Task goal: Filter the records below and copy every line containing the word "dress".

Information provided:
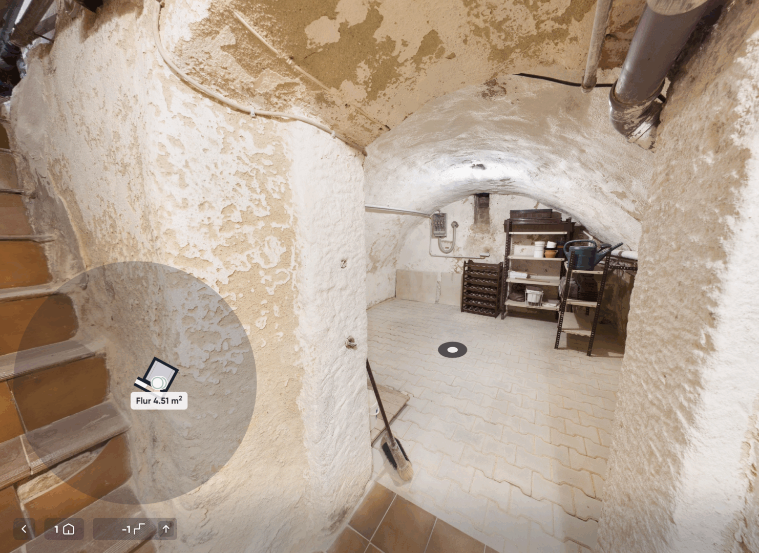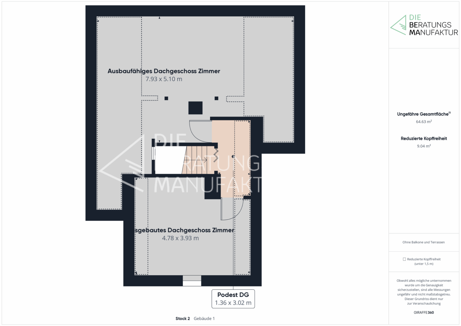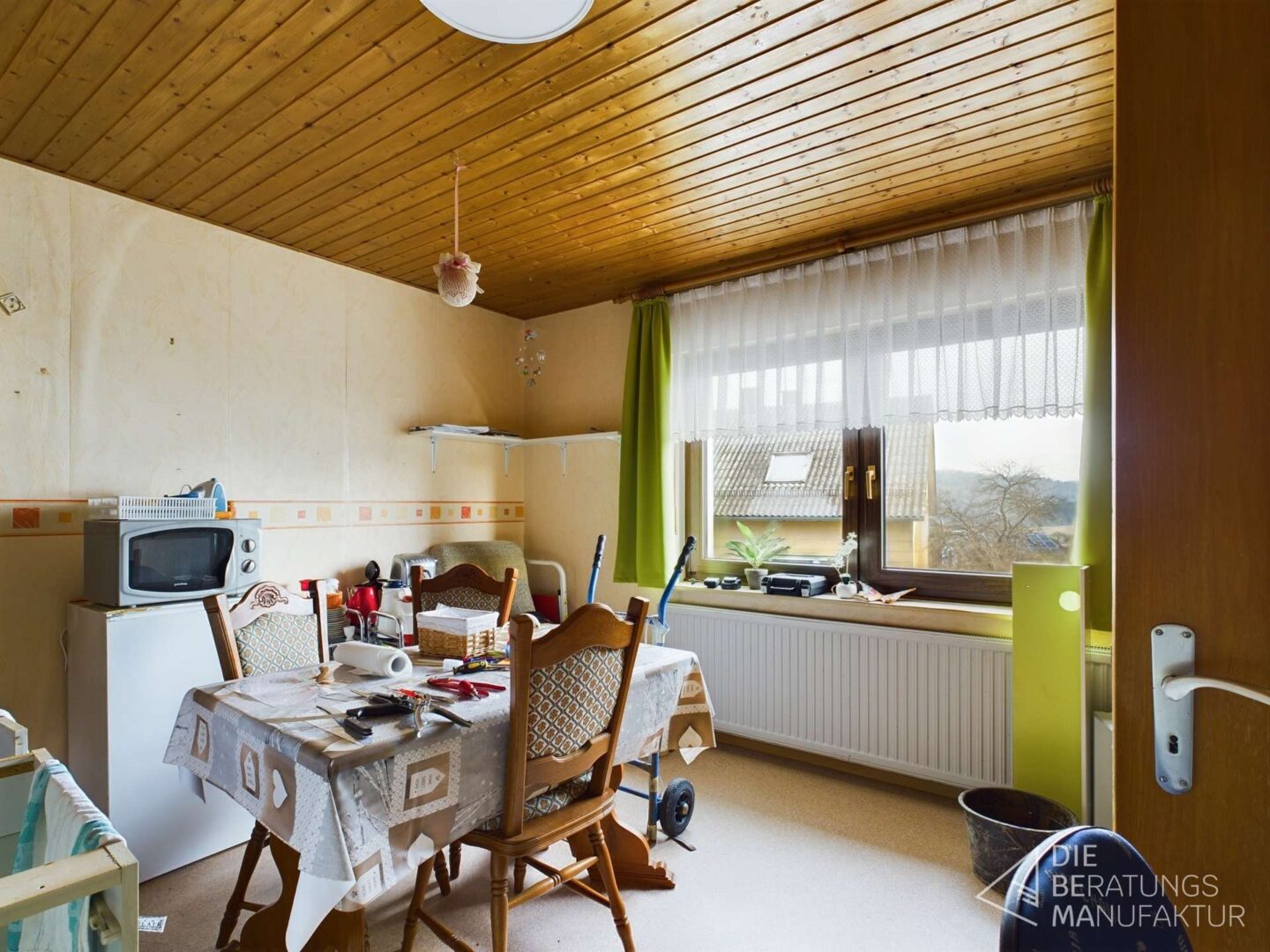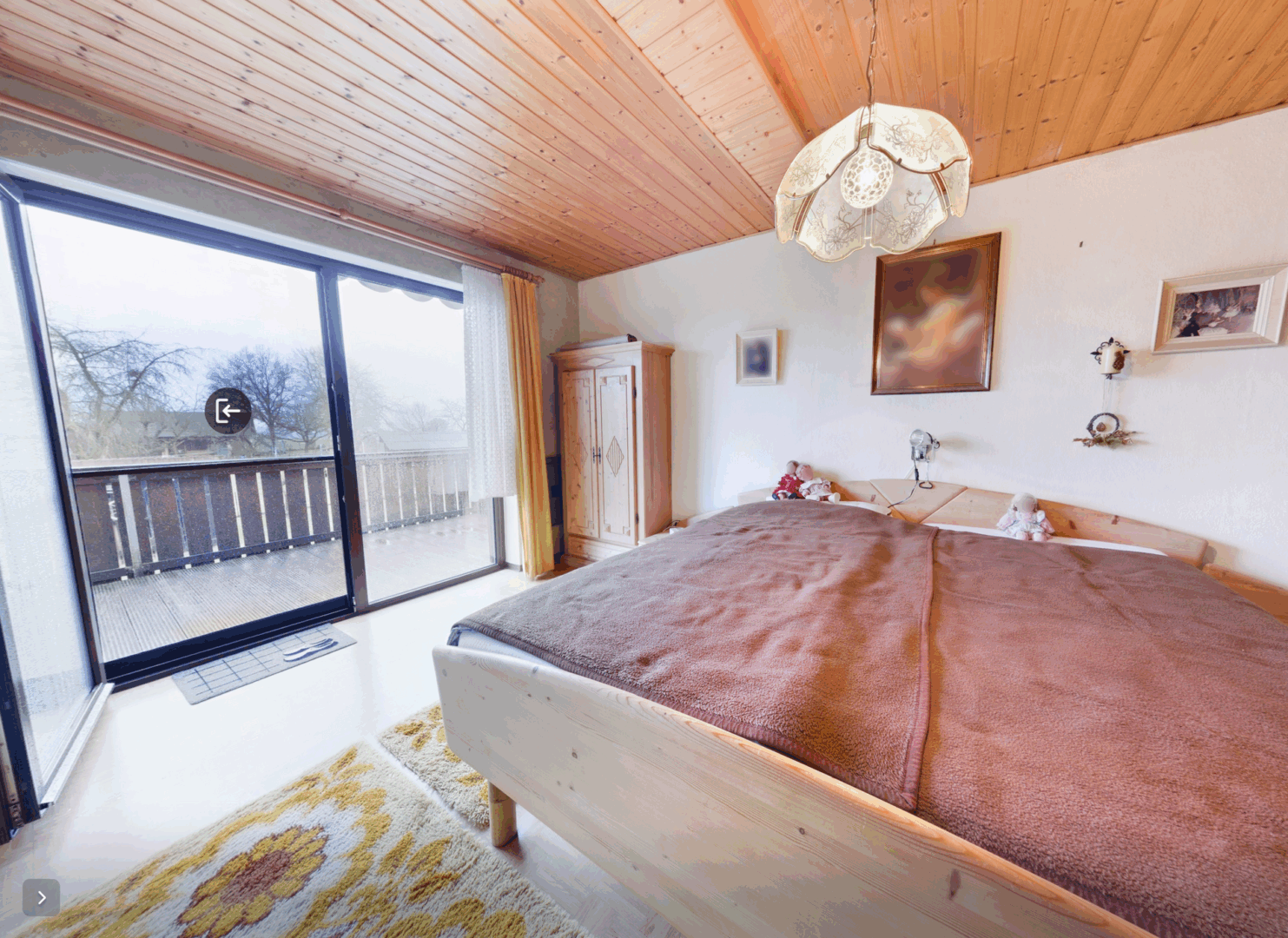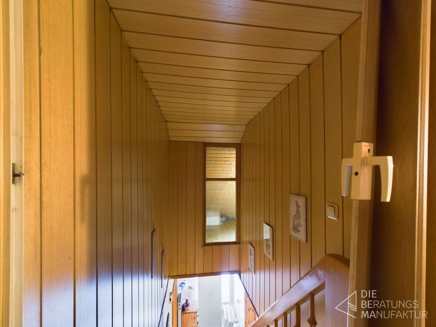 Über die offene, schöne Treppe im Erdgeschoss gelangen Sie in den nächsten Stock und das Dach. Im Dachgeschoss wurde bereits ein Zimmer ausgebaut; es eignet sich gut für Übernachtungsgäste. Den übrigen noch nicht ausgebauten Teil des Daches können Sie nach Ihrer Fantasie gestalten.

==

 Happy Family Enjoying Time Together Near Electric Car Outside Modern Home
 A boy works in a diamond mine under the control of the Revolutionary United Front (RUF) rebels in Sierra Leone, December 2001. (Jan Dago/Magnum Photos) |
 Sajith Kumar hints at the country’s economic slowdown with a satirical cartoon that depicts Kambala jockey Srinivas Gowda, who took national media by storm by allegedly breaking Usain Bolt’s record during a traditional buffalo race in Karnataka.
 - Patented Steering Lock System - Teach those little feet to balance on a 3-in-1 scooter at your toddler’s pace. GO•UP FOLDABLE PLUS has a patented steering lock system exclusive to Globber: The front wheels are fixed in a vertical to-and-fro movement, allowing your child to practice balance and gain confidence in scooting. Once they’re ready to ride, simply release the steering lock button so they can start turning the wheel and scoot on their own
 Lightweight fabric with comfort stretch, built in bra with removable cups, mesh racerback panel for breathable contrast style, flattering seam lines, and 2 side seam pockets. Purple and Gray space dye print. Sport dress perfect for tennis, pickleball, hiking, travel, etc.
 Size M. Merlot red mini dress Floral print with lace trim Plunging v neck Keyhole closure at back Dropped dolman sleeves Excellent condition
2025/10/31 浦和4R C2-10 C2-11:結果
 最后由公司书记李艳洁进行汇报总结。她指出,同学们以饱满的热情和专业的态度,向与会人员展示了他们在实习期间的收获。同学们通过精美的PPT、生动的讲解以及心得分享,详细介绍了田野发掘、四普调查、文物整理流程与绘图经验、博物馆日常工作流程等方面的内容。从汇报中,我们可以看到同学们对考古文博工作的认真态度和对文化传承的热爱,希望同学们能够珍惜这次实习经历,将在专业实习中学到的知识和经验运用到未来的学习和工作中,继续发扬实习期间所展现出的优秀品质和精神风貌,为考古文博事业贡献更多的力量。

--

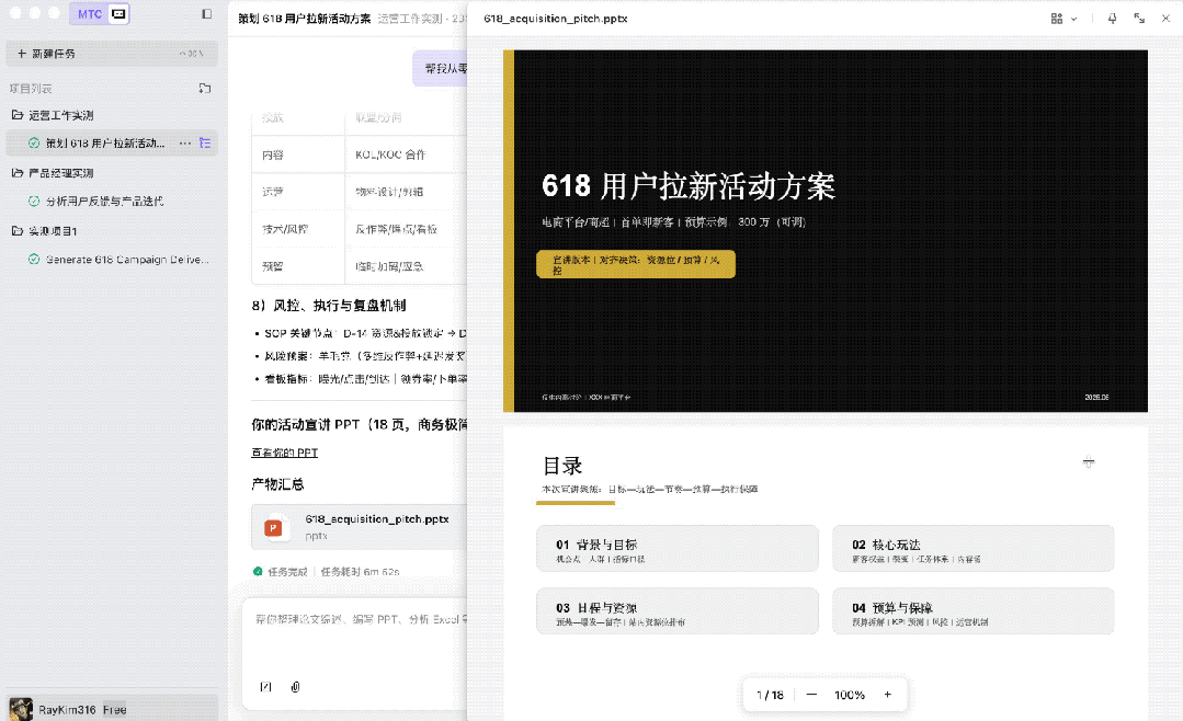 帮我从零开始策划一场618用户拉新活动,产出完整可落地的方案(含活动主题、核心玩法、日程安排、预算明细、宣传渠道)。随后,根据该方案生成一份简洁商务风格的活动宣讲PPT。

Result of this task:
 Lightweight fabric with comfort stretch, built in bra with removable cups, mesh racerback panel for breathable contrast style, flattering seam lines, and 2 side seam pockets. Purple and Gray space dye print. Sport dress perfect for tennis, pickleball, hiking, travel, etc.
 Size M. Merlot red mini dress Floral print with lace trim Plunging v neck Keyhole closure at back Dropped dolman sleeves Excellent condition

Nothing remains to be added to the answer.